Friday, 7 January 2011

Trust Me, I'm a Doctor

I love Christmas and New Year. After years of working shifts and therefore having to work at some point over the festive period, I now have the pleasure of having Christmas and New Year as a proper holiday. It hearkens back to my school days when Christmas holidays were second only to eight weeks off in the summer; when all that time off was taken for granted and unappreciated.

This year it was Steve that had to work at Christmas, so we decided to take a week off at New Year, when he had a few days off, and head north to visit my parents in the chilly Highlands.

It has, of course, been pretty cold everywhere over the last couple of months but up here there isn't as much snow as there is ice and it was the ice on which Mum came a cropper. Having awoken in the early hours, and having watched BBC Stargazing Live on Monday night, Mum went outside in the middle of the night for a cigarette and was looking up instead of where she was putting her feet. Unfortunately she found a patch of the remaining slippery-stuff and ended up flat on her back with a fractured leg.

A phone call to 999 at 3am and a short wait later and the ambulance crew was on site. George and Gail were superb. They were efficient and sensitive. The immediate care Mum received was excellent. Dad and I followed the ambulance up to Inverness. We arrived in a busy Emergency Department at Raigmore hospital and settled in for a long wait to hear anything. However, despite being clearly very busy, the nursing staff were excellent. They allowed us to join Mum very quickly and kept us informed throughout the wait. They were efficient, promptly sending Mum for an x-ray so that she could be properly assessed as soon as the doctor was available. It was a long wait but I was impressed by the emergency care that Mum received. The staff made her comfortable and they were very attentive. The second visit to the hospital to have the temporary heavy cast removed and replaced with the permanent light-weight cast was equally well handled. The doctor was lovely and the nursing staff in the plaster room were also fanstastic. I was surprised how quickly we were in and out and read rather less of my book than I expected!

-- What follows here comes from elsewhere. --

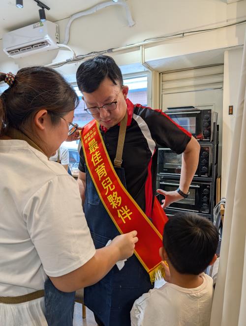 「親職協力,幸福加乘」 方案在充滿溫馨與儀式感的成果會中圓滿收官!昨天的活動將學習化為行動,家庭在親子共廚中透過抽籤分工實踐了家務協作,煮出了合作的美味。最感動人心的,是夫妻雙方雙向互頒 「最佳育兒夥伴」 值星帶,象徵著彼此的肯定與加冕;而在精心時刻讀信環節,有位爸爸的真情流露更是讓全場動容,他深刻感謝太太付出大量的精神與心力照顧家庭,強調彼此應互相支持和鼓勵,時刻感謝對方的付出。活動最後,每戶家庭獲贈印有方案名稱的 「共親職紀念圍裙」,鼓勵大家將這份感動與共同分擔的精神延續到日常生活中。活動結束後,許多媽媽立刻詢問明年是否還會舉辦類似方案,顯見本方案已對家庭產生了巨大且持久的正向影響!

This is the first time I have really appreciated the sharp end of British healthcare and I cannot fault the Ambulance Service or the various people - paramedics, doctors and nurses - that have looked after Mum during the last few days. They have all been very understanding, sensitive, attentive and have delivered the highest standard of care I could hope for. How disappointing then when Mum got a call from a GP this morning to be told "a broken leg is not a reason for a medical certificate"!

I can appreciate that there are situations in which people can continue to work with a broken leg. Although I would probably struggle to get to work with a broken leg, I would be able to work from home and, on days when I did have suitable transport, I'd also be able to work in the office: I have a desk-job and my office has disabled access, including a lift. However, Mum is an Community Care worker. Her job entails assessing clients' needs and delivering and installing equipment to help them at home. The community that she covers stretches from Dalwhinnie in the South as far as Nairn in the North. This is an area approximately 65 miles in length. She spends much of her time on the road, traveling between clients and needs to be able to carry and install, often bulky, equipment. Additionally, she is not even be able to go into her office just to sit at her desk as it is up a flight of stairs with no lift. There is simply no way that she can work with a plaster cast from her knee to her toes.

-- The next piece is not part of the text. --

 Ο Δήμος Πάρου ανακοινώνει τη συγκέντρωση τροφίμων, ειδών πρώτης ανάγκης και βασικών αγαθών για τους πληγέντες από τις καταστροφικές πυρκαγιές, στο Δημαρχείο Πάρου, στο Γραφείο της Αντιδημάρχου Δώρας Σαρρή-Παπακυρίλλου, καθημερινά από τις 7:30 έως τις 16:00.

Despite explaining this to the doctor on the phone, the doctor insisted that Mum cannot have a medical certificate. It is clear to me that this is a case of a doctor who thinks they know better than the patient. I'm sure this doctor has had many cases where an otherwise fit and healthy individual, who is perfectly capable of working comes begging for a medical certificate for a broken leg, so perhaps I shouldn't be shocked or disappointed. Perhaps this doctor delivers otherwise excellent medical care and advice. I don't know as I have never met her. Worryingly, neither has my Mum! Either way, what horrifies me is not necessarily the initial judgement, it's the fact that she refused to listen to reason. She completely ignored Mum's protestations and didn't even entertain the possibility of carrying out any further investigations. I wonder if she even considered that Mum is 64 years old and it is difficult enough for her to get along at home let alone at work. to me, this represents everything that is wrong with British healthcare. What a shame that it comes on the back of an experience that represents everything that is right with it.

I truly troubles me that while hospital care seems to have maintained a relatively good standard of patient service, GP care has waned. I know of so many instances where people I know, friends and family etc., have received a poor service from a GP. The days when your GP knew you and your medical history intimately, when you trusted his or her judgment and they understood you are long gone. Huge medical practices deal with huge areas and masses of patients. It is often difficult to get an appointment and even when you do there is often an impression that they can't get you out of the door quick enough. There has been so much focus on hospital care, waiting lists and MRSA that I wonder if everyday care has been forgotten in the shuffle, leaving GPs feeling pressured and dumped-on. I believe that it is high-time that this was investigated and action taken to address these problems.